Watch the training from http://hadoopexam.com/index.html/#hadoop-training
Question : You have written a Mapper which invokes the following five calls to the OutputCollector.collect method:
output.collect(new Text("Flag"), new Text("Rahul")); output.collect(new Text("Shirt"), new Text("Yakul")); output.collect(new Text("Shoe"), new Text("Rahul")); output.collect(new Text("Flag"), new Text("Gemini")); output.collect(new Text("Socks"), new Text("Yakul"));
How many times will the Reducer's reduce() method be invoked.
Explanation: Keys and values: In MapReduce, no value stands on its own. Every value has a key associated with it. Keys identify related values. For example, a log of time-coded speedometer readings from multiple cars could be keyed by license-plate number; it would look like:
AAA-123 65mph, 12:00pm ZZZ-789 50mph, 12:02pm AAA-123 40mph, 12:05pm CCC-456 25mph, 12:15pm ... The mapping and reducing functions receive not just values, but (key, value) pairs. The output of each of these functions is the same: both a key and a value must be emitted to the next list in the data flow. MapReduce is also less strict than other languages about how the Mapper and Reducer work. In more formal functional mapping and reducing settings, a mapper must produce exactly one output element for each input element, and a reducer must produce exactly one output element for each input list. In MapReduce, an arbitrary number of values can be output from each phase; a mapper may map one input into zero, one, or one hundred outputs.
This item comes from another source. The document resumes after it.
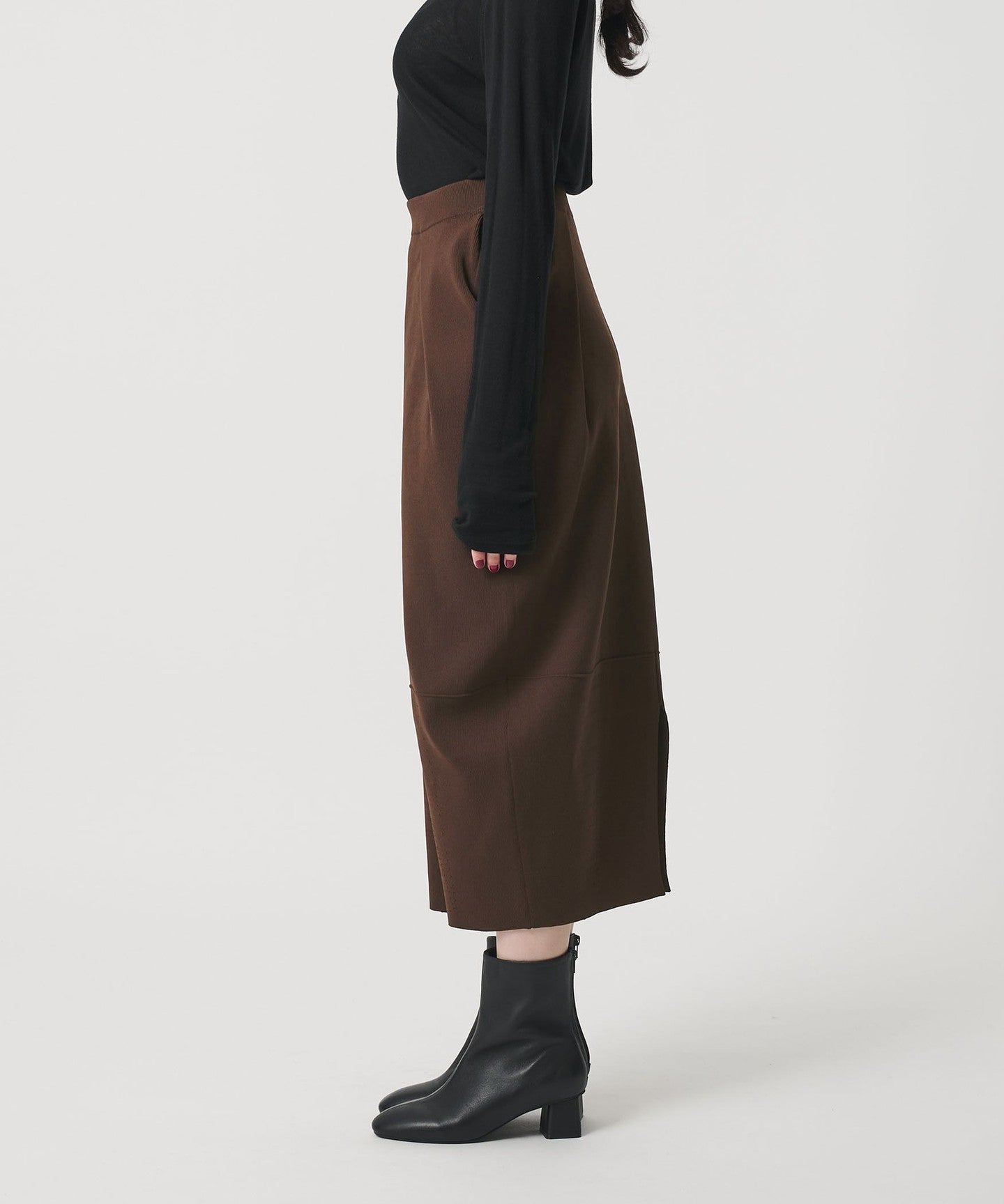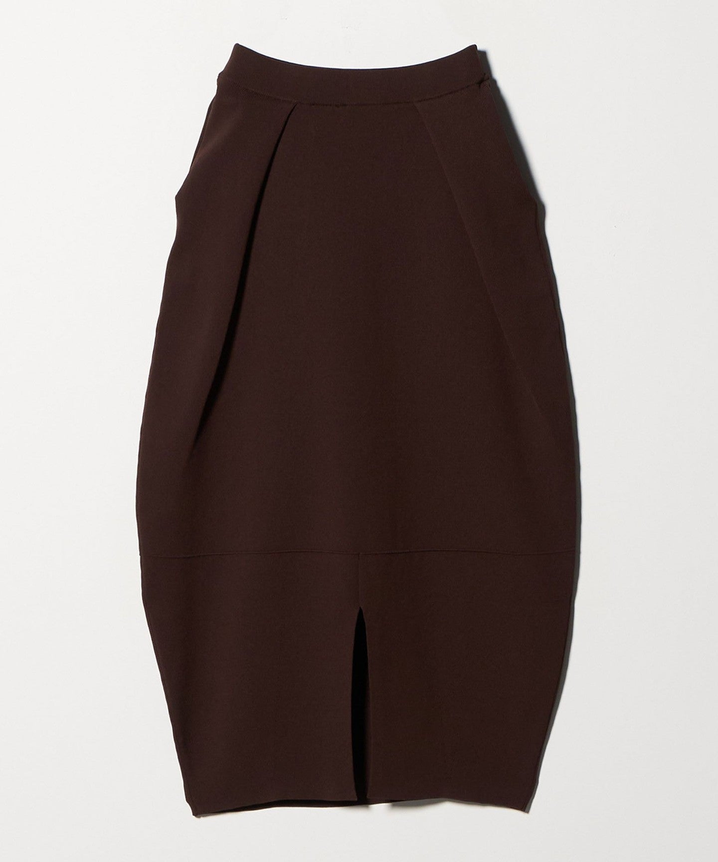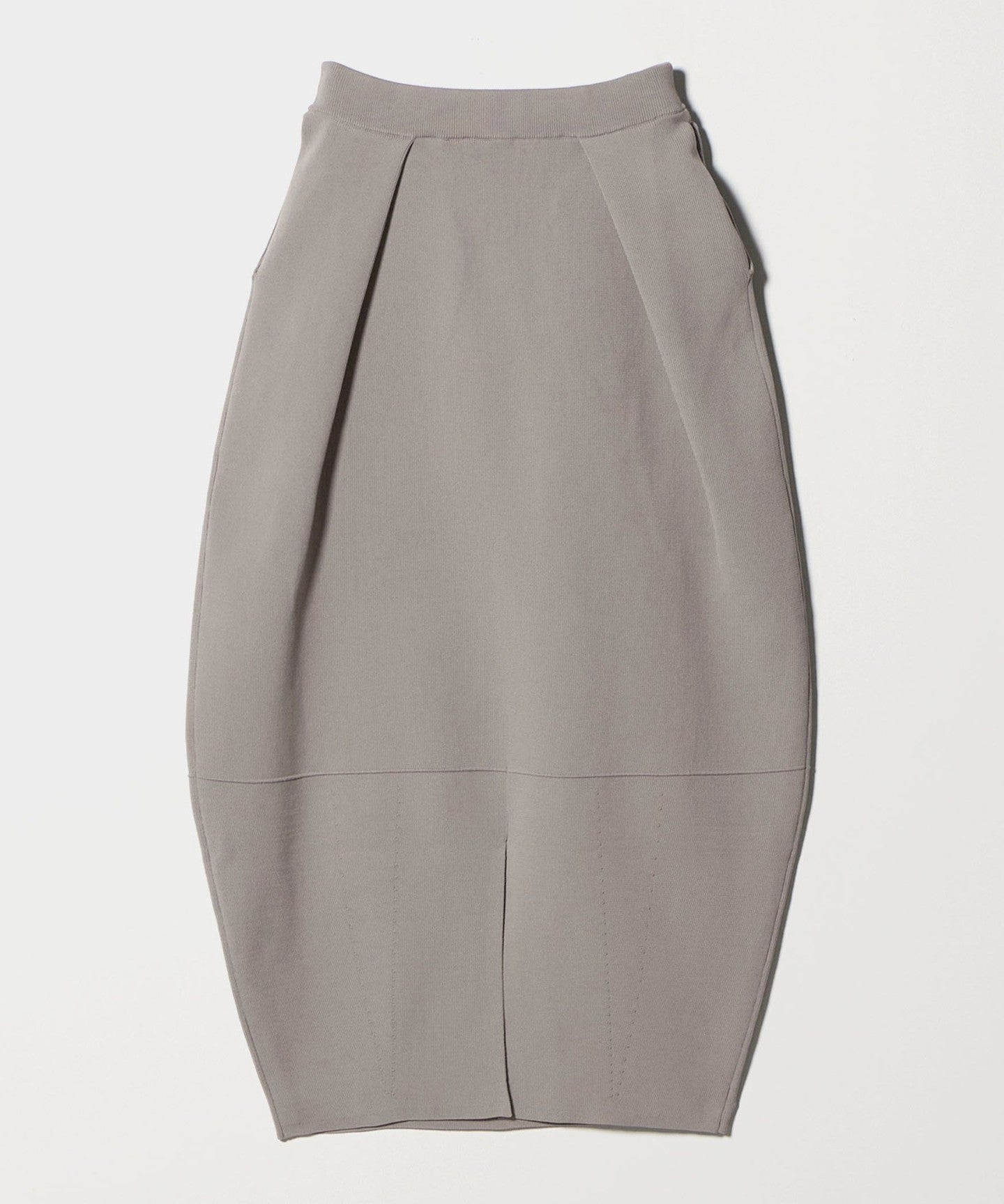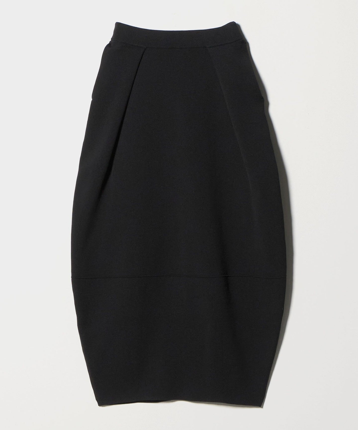 A cocoon silhouette skirt made from plating knit with an elegant luster and firmness.

A reducer may compute over an input list and emit one or a dozen different outputs.After the shuffle and sort phase there will be 4 calls to the reduce method, one being passed "Flag" as the key and "Rahul, Gemini" as values, one bing passed "Shirt" as the key and "Yakul" as the value, one being passed "Shoe" as the key and "Rahul" as the value and one being passed "Socks" as the key and "Yakul" as the value.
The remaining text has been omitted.